Your answer must be the data repeated exactly, with no pictures in it.

Dataset excerpt -
........

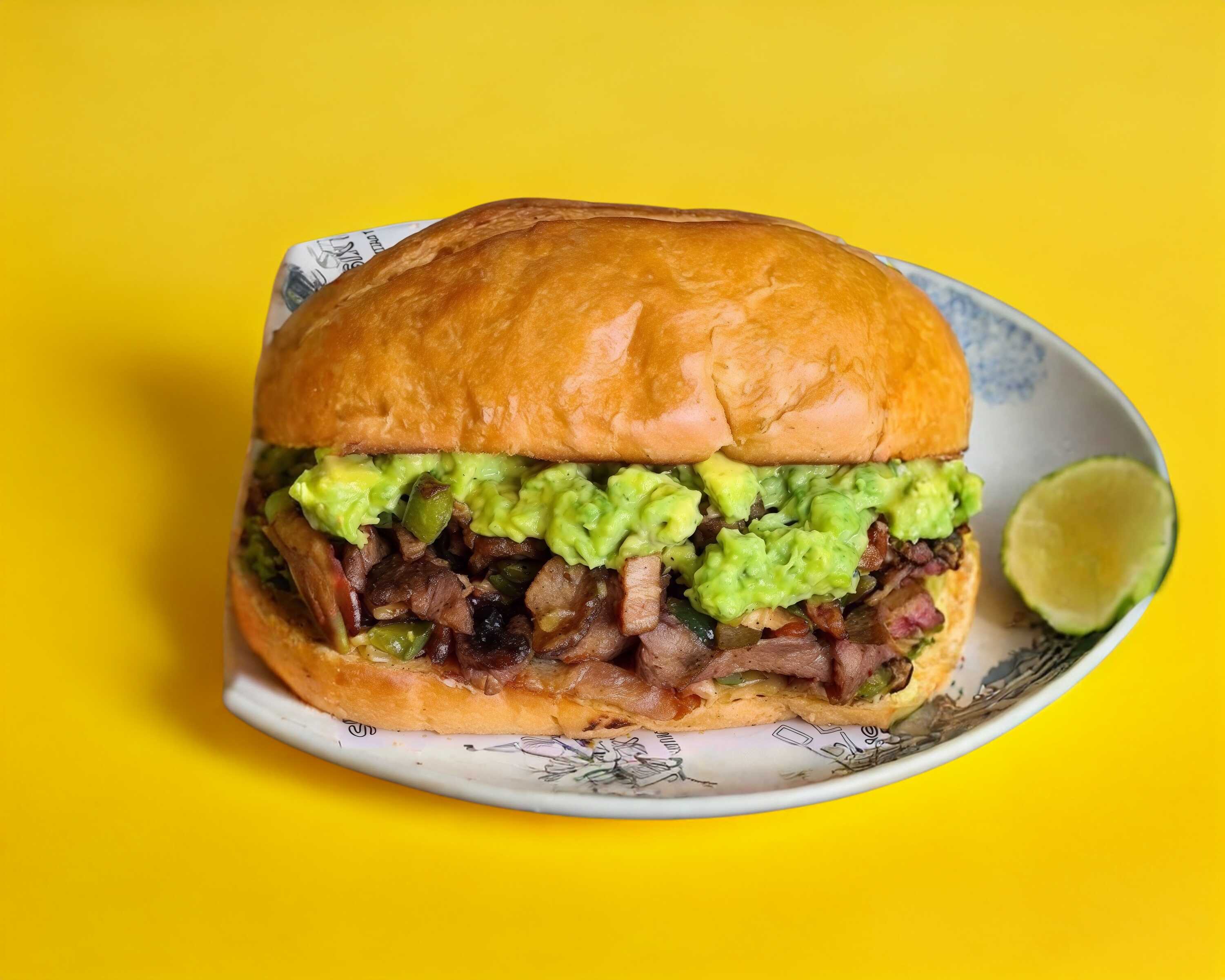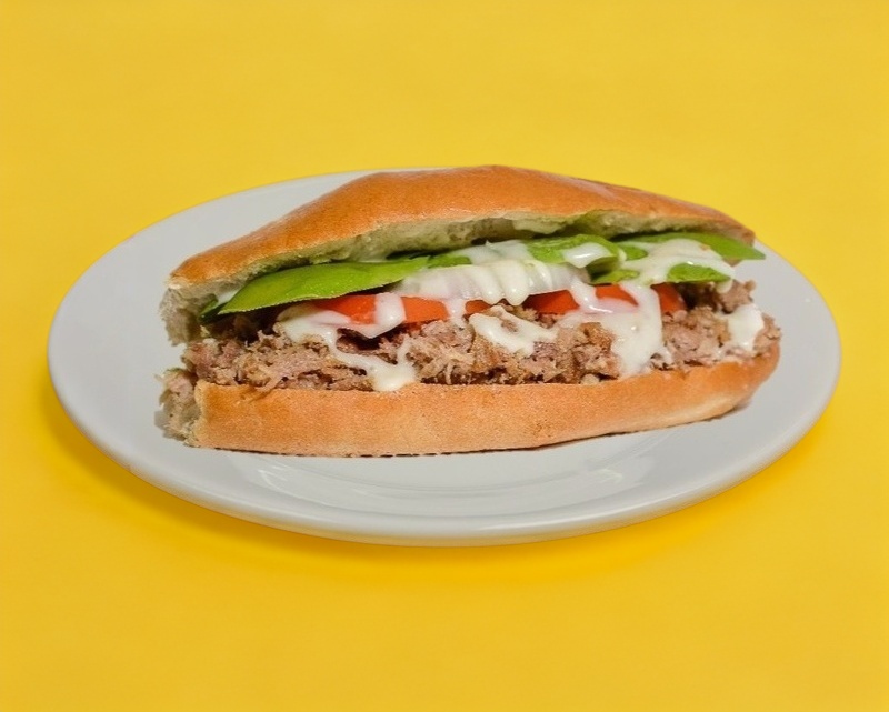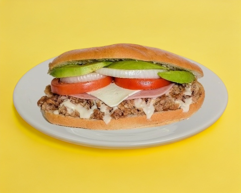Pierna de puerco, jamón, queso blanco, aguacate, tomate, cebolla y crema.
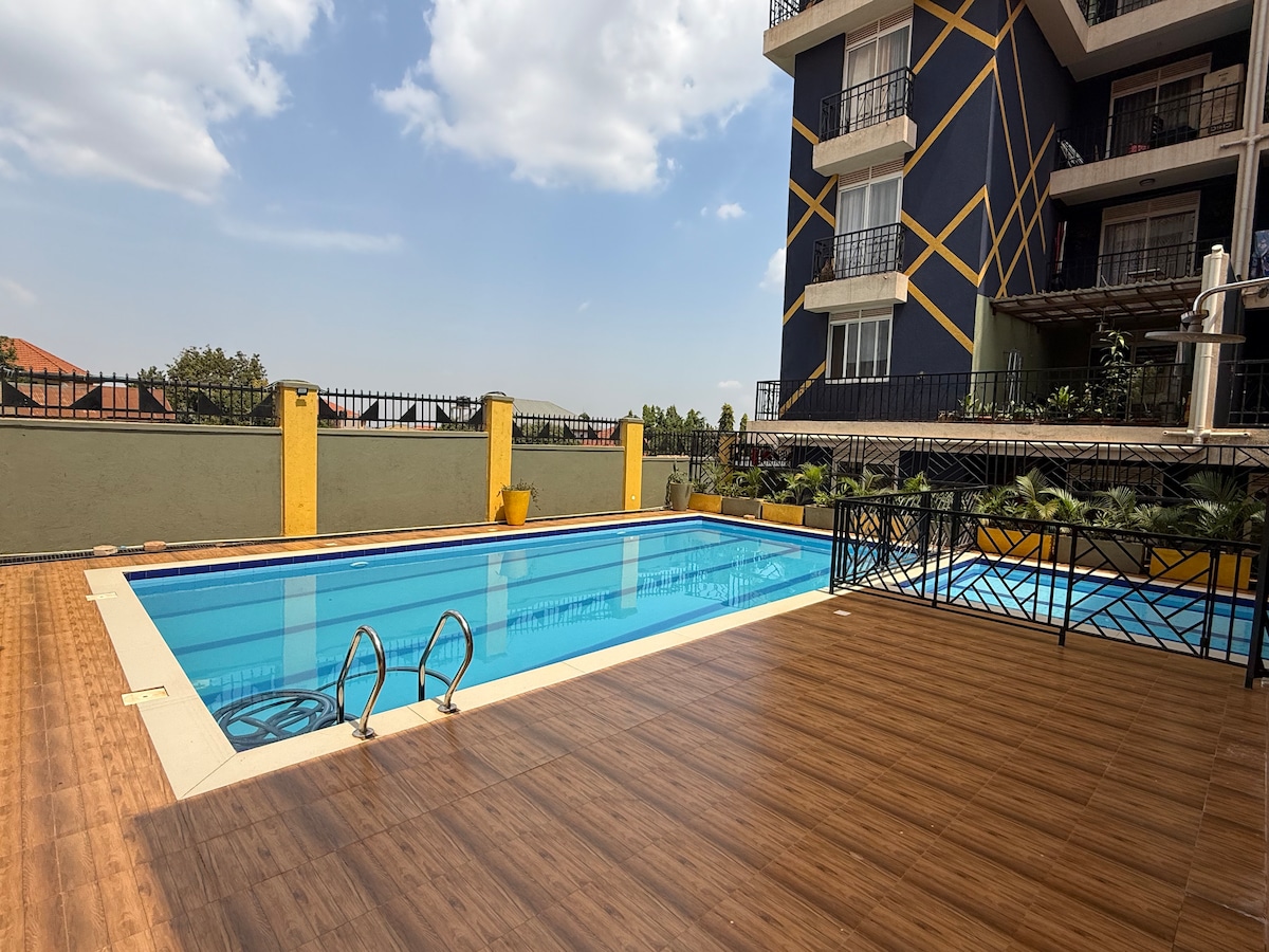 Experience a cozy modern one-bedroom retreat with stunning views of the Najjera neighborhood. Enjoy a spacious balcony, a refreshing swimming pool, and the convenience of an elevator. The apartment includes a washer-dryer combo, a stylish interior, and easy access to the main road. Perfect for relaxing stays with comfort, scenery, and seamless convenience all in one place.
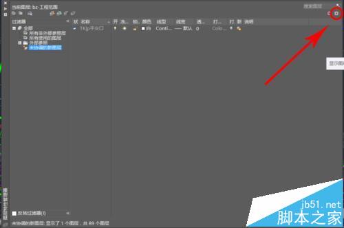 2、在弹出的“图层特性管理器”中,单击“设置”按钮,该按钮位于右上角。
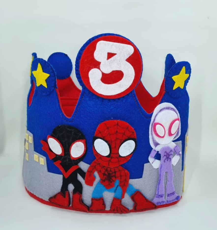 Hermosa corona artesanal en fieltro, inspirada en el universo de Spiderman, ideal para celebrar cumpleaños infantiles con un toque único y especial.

........

Response below -
Pierna de puerco, jamón, queso blanco, aguacate, tomate, cebolla y crema.
 Experience a cozy modern one-bedroom retreat with stunning views of the Najjera neighborhood. Enjoy a spacious balcony, a refreshing swimming pool, and the convenience of an elevator. The apartment includes a washer-dryer combo, a stylish interior, and easy access to the main road. Perfect for relaxing stays with comfort, scenery, and seamless convenience all in one place.
 2、在弹出的“图层特性管理器”中,单击“设置”按钮,该按钮位于右上角。
 Hermosa corona artesanal en fieltro, inspirada en el universo de Spiderman, ideal para celebrar cumpleaños infantiles con un toque único y especial.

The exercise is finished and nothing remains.